# Brewery Button



## Robby Raccoon (Apr 10, 2016)

C P B Co reads the monogram bordered by C. Pfeiffer Brewing Co. Detroit, Mich. U.S.A.
Pfeiffer was founded as Conrad Pfeiffer Beer in Detroit, Michigan, in 1889. In 1902 it changed to C. Pfeiffer Brewing Co. and then, about 1933, became Pfeiffer Brewing Co.
They sold out in 1972.

The back seems to say Weyhing Bros. Mfg. Co. Detroit.
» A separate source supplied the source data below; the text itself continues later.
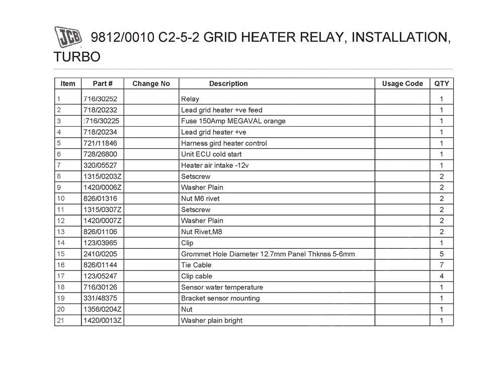 Все компоненты, включая подогрев впускного коллектора JCB 320/05693, 320/05527, а также реле, датчики и оригинальные предохранители, вы можете приобрести через надежного дистрибьютора запасных частей спецтехники. Консультанты помогут подобрать запчасти под конкретную модель JCB, дадут инструкцию по установке и обеспечат техническую поддержку.
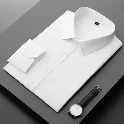 纯色商务春夏薄款长袖衬衫男士商务正装休闲白衬衣免烫黑色寸衫潮
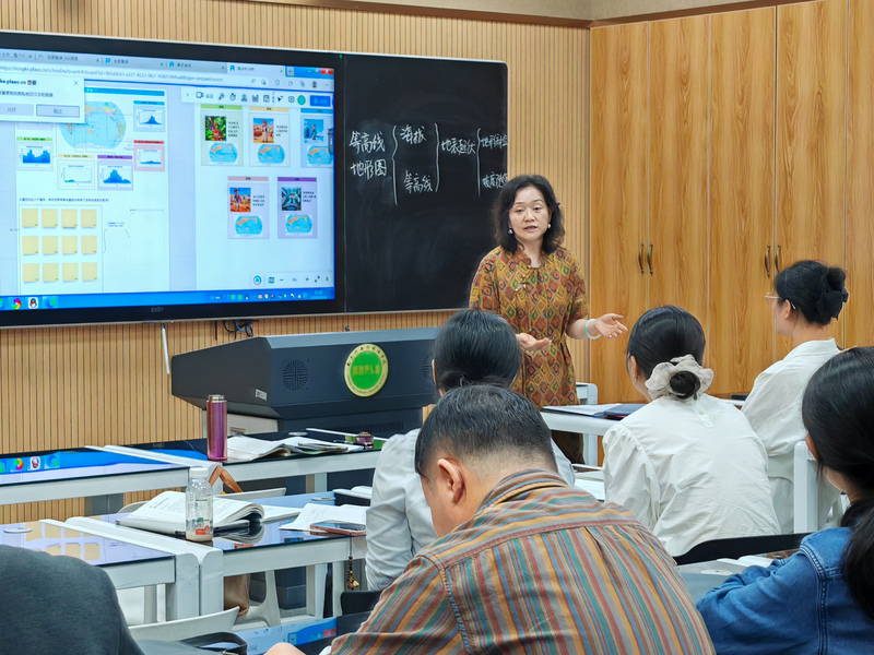 鲍静老师指出,地理素养教学应注重在情境中发现问题并解决问题,她还强调人工智能的应用不应停留于形式,而应聚焦于突破教学难点,培养学生理性思维、领导力与创造力,真正提升课堂品质。最后,张静副校长补充指出,技术工具的价值在于解决传统教学难以实现的认知转化问题,在于通过交互平台捕捉学生思维过程。她鼓励教师主动在教学中融合人工智能技术,并积极开展教学研究,关注自身专业成长。本次活动为推进地理教学与信息技术深度融合、提升课堂实效提供了实践启示。
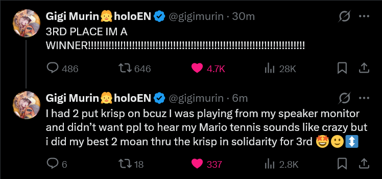>Gigi called in to Koyomama despite being a nervous rack + eepy>Gigi fought tooth and nail for 3rd placeI love my oshi, grems. Even if she has moments of self doubt and weakness, I still know in my heart that she'll try do it, even if she thinks she's shit. I was hoping for a Okayu Vs Gigi final but this is the next best thing
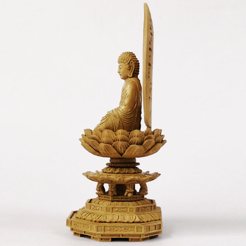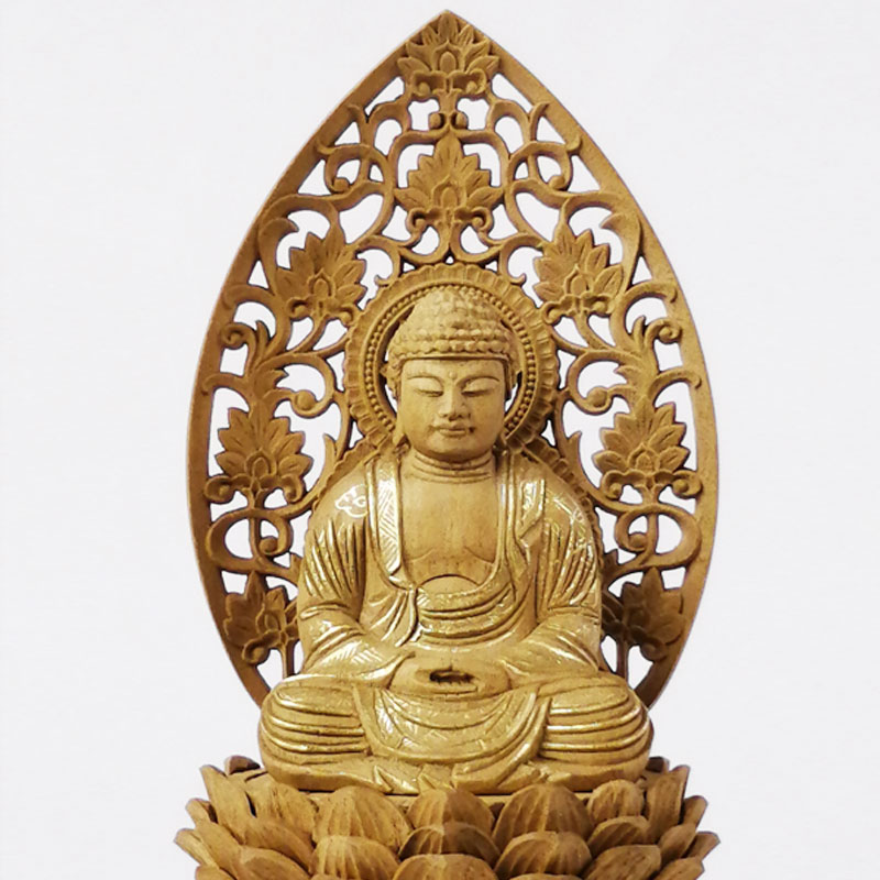 | 商品説明 | 【商品コード:2922】 ■商品詳細 ●寸法3.0寸:総高さ 約30.2cm、幅 約15.5cm、奥行 約13.2cm ●材質:楠 ●宗派:禅宗(臨済宗・曹洞宗) ■備考 ※手作り品のため寸法は、おおよその数値です。 ※自然木を使用した手彫り仕上げのため、一体一体仕上がりや木目・色味が異なる場合があります。 また、年を重ねると色目が変わって(濃く)きます。 ・お取り寄せ商品となっております。在庫状況や納期はお問合せ下さい。 禅宗(臨済宗・曹洞宗)のご本尊として祀られる、楠製の御仏像です。 楠は、樹齢が千年を超える木もあり、信仰の対象として多くの神社仏閣の境内に植栽されています。材質は軟らかくて加工しやすく、磨くと光沢がでるという特徴があります。 また、樟脳(しょうのう)の原材料であり防虫効果があります。 金泥書きを施しているため非常に高級感が溢れた仕上がりとなっています。 光背に使われている唐草は、四方八方に伸びる様子から、仏教ではとても縁起が良いといわれています。 |
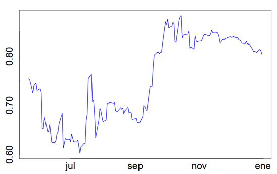 To conclude this section, we include in Figure 16 the graph of Pearson correlations for the S&P500 and IPC indices for the subprime mortgage crisis. Correlations are estimated from a sliding window of 60 observations. It is clear that the time series “rallies-up” after September 2008. Thus, it reacts after the main event of the Lehman Brothers bankruptcy announcement, in contrast to centralities that react circa three months before.
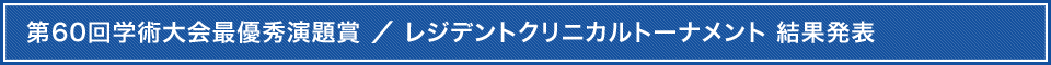 - 第60回学術大会最優秀演題賞 / レジデントクリニカルトーナメント 結果発表
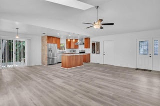 Renovated 3 bedroom, 2 bathroom home with 2-car garage and private backyard with lush landscaping. The kitchen features cherry cabinets, granite countertops, and stainless steel appliances. Enjoy new luxury vinyl flooring throughout, abundant natural light, and an open floor plan perfect for entertaining. Metal roof 2019, new AC.
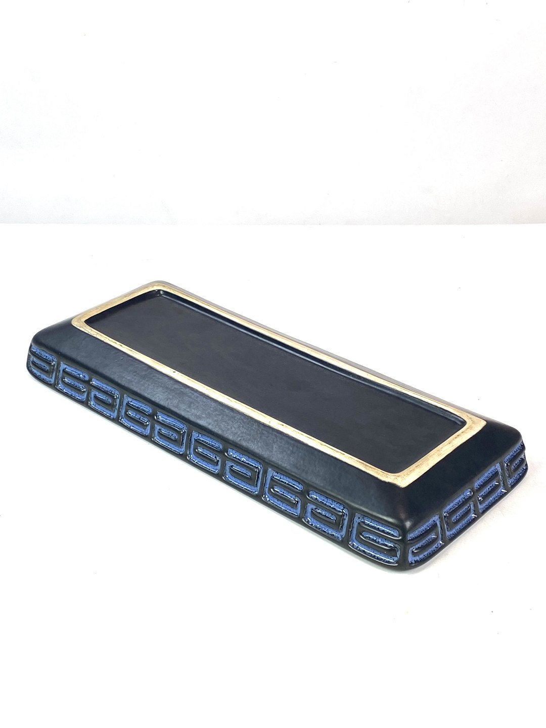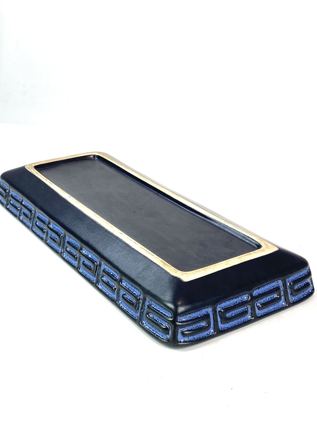 Aflangt keramik fad med blå glasur fra omkring 1950erne.

They started in 1903.
So that gives us a date-range: 1903 to Prohibition, then after Prohibition to 1933.
But exactly what is it, and when is it from?


----------



## UncleBruce (Apr 11, 2016)

Kewl!!!!!!!!!!!!!!!!!!


----------



## hemihampton (Apr 11, 2016)

Don't know what it is but I like anything Pfeiffer since I collect Detroit beer stuff.


----------



## CanadianBottles (Apr 12, 2016)

Very nice!  How did you come across this one?  I would guess that it dates closer to 1903 than 1933, though I can't say for certain.


----------



## bottlediggingcop (Apr 12, 2016)

cool!!


----------